The Budget, where the UK's chancellor tells us all the ways he or she is planning to make life more expensive for us, mixes the carrot and the stick to nudge people towards plug-in cars
Today's UK Budget Wants You To Buy An Electric Car

The UK Budget has brought good news for people buying plug-in cars, as well as investment in charging technologies and self-driving cars.

It’s not such good news for diesels, though, although you’d have to have been living in a cave not to have seen diesel road tax rates bumped up.

A £100 million extension to the plug-in car grant scheme means people will continue to get thousands of pounds off the price of a new plug-in car. Full-electric and plug-in hybrids will all qualify.

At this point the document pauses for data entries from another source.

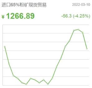 3月11日,根據(jù)今日鐵礦的消息來看,本周進(jìn)口鐵礦石價(jià)格整體下跌,而國(guó)產(chǎn)鐵礦價(jià)格走勢(shì)良好。分類別來看,進(jìn)口65%粉礦現(xiàn)貨貿(mào)易價(jià)格1266.89元/噸,較前一個(gè)交易日下跌56.3,跌幅4.25%;進(jìn)口65%粉礦到岸價(jià)格186.69美元/噸,較前一個(gè)交易日下跌2.26,跌幅1.2%;國(guó)產(chǎn)65鐵精礦漲0.91收于1057.58元/噸,漲幅0.09%;國(guó)產(chǎn)62%鐵精礦漲0.75收于944.37元/噸,漲幅0.08%。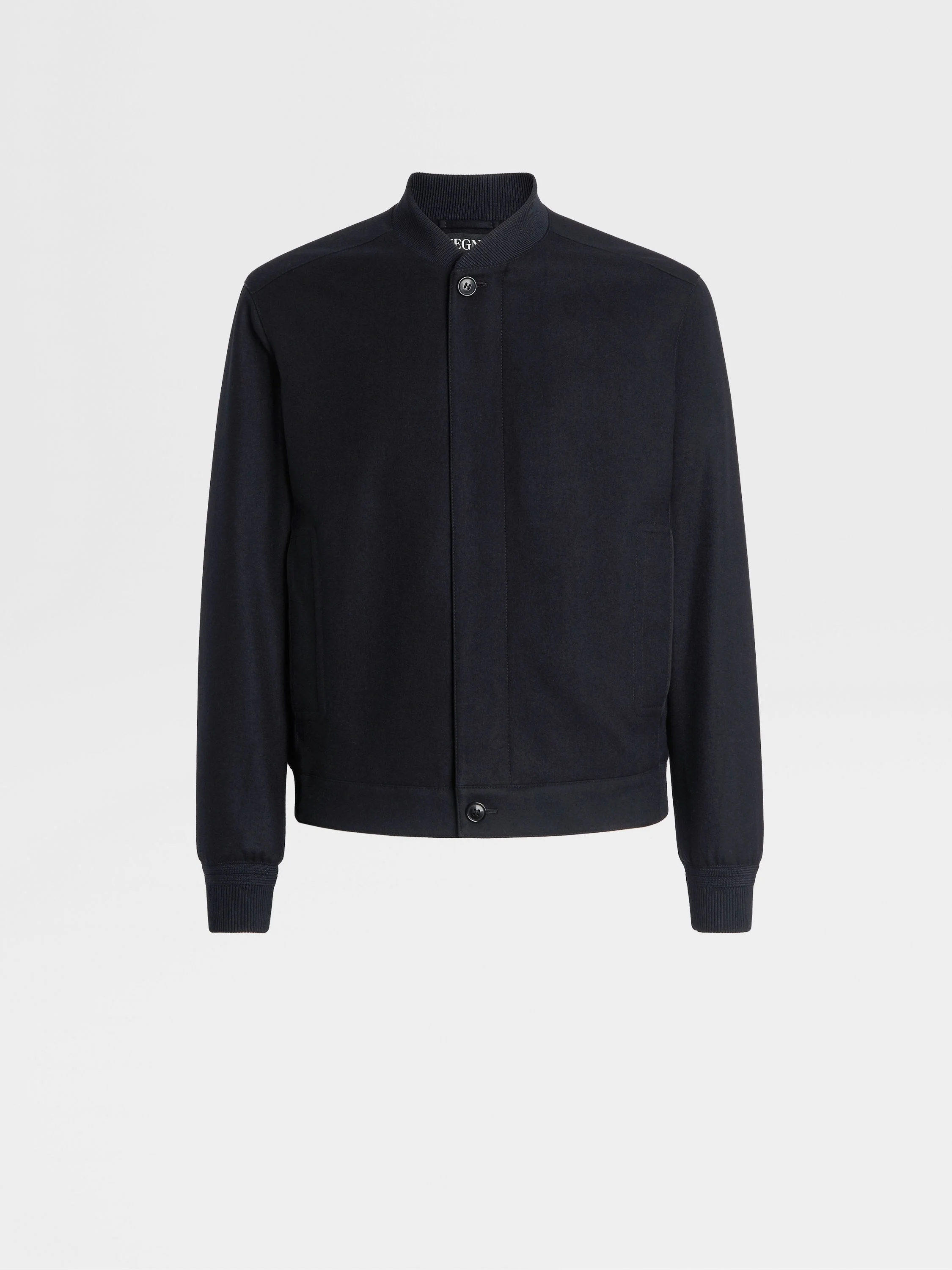 The navy blue Oasi Cashmere Elements bomber enhances luxurious natural materials with a water-repellent membrane. INFO Slightly felted for textured appeal, Zegna's exclusive, extra-fine cashmere gives the navy blue Oasi Cashmere Elements bomber its beautifully soft finish. The sporty bomber jacket features the classic, ribbed collars and trim. Leather details add a final touch of flair. PRODUCT CODE UCT46A6-C119-531 MATERIALS AND CARE Main body: 100% Cashmere Leather details: Calfskin Lining: 100% Polyester This Oasi Cashmere Collection garment is crafted from soft cashmere that's specially treated with a breathable water-resistant membrane — a tribute to our founder's legacy of textile innovation. Do not wash. Do not bleach. Do not tumble dry. Iron at max 110°C. Professional dry cleaning in hydrocarbons, mild process. Professional leather clean only. Protect leather details before washing. Protect the metal accessories during washing. FIT AND PRODUCT DETAILS • Regular fit • Ribbed bomber collar • Zip and button closure • Half-ribbed hem • Ribbed cuffs • Leather details • Slightly felted fabric • Side straight pockets with concealed snap buttons • Water repellent • 64 cm length on size 48 • Model is 190 cm tall (6.2 feet) and wears an Italian size 48.
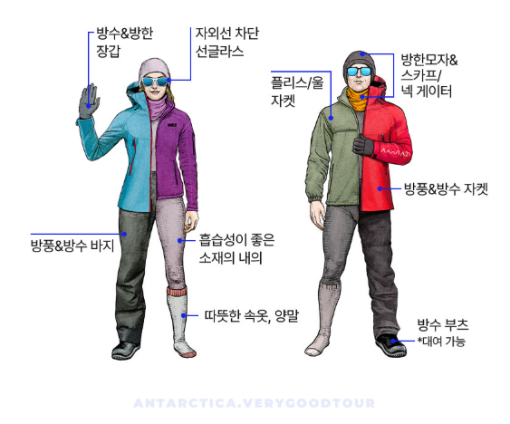 ① 왕복 항공권 (남극 일정 시, 중간항공 포함)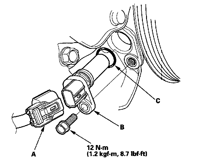 3. Install the parts in the reverse order of removal with a new O-ring (C).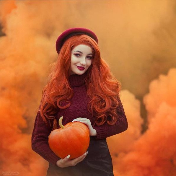 Рыжеватая симпатичная девушка красавица в оранжевом.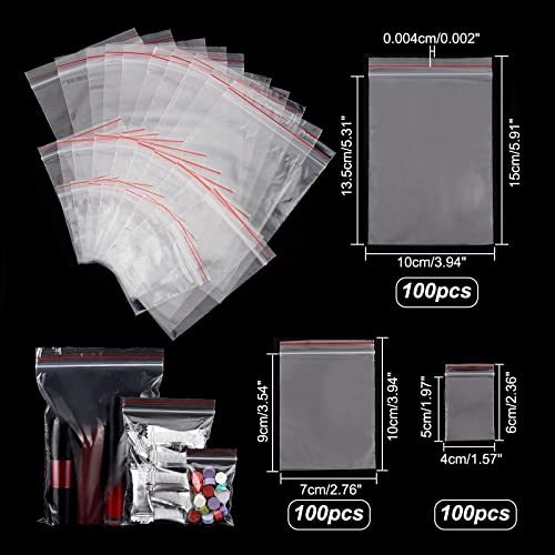 PandaHall Elite 300pcs Bustine OPP cellophane Trasparenti con Chiusura Zip per Perline Biscotto Caramelle, Circa 4-8 cm di Larghezza, 6-12 cm di Lungo, Spessore unilaterale: 0,04 mm

Another £100 million will go towards the charging infrastructure in the UK, funding the installation of charging points, while £40 million has been earmarked for research and development, apparently specifically including charging.

Chancellor Philip Hammond stated that he wants to put Britain at the pointy end of the global push towards new technologies, of which automated cars are collectively one facet.

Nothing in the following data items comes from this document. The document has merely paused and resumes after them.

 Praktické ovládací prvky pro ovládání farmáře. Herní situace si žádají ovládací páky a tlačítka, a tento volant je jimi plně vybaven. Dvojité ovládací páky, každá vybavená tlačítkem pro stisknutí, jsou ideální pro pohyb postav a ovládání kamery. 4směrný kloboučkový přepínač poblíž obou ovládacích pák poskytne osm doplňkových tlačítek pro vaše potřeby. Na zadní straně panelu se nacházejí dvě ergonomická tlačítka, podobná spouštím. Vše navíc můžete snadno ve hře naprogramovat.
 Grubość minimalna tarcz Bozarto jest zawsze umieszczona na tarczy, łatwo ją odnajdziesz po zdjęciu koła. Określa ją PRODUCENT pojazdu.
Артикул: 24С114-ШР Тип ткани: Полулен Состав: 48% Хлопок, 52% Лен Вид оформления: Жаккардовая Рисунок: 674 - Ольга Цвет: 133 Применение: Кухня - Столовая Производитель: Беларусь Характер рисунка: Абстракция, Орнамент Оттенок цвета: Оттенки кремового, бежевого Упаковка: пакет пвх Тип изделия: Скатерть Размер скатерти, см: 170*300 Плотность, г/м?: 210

Diesel’s days are clearly numbered, too, with most oil-burners currently on the road facing a higher road tax banding from the next tax year. A single-band rise will add about £20 to a typical annual bill.

Early reports say that it will certainly include everything up to and including Euro 5, with the various stages of Euro 6 causing some confusion at this stage as to whether they’ll be included or not.

Lorries and vans will be unaffected, which might seem bizarre since they pollute more per vehicle than cars, but it seems to be an attempt to keep inflation down. If delivery firms’ costs go up, the consumer suffers. Plus, there are not yet any viable alternatives to diesel for vans and lorries.

The silver lining is that fuel duty has been frozen again, so instead of paying what would have been about £1.50 per litre by now we’re still below £1.20. The continued halt makes this the longest fuel duty freeze for 40 years, although why there was ever an escalator built into it in the first place we have no idea.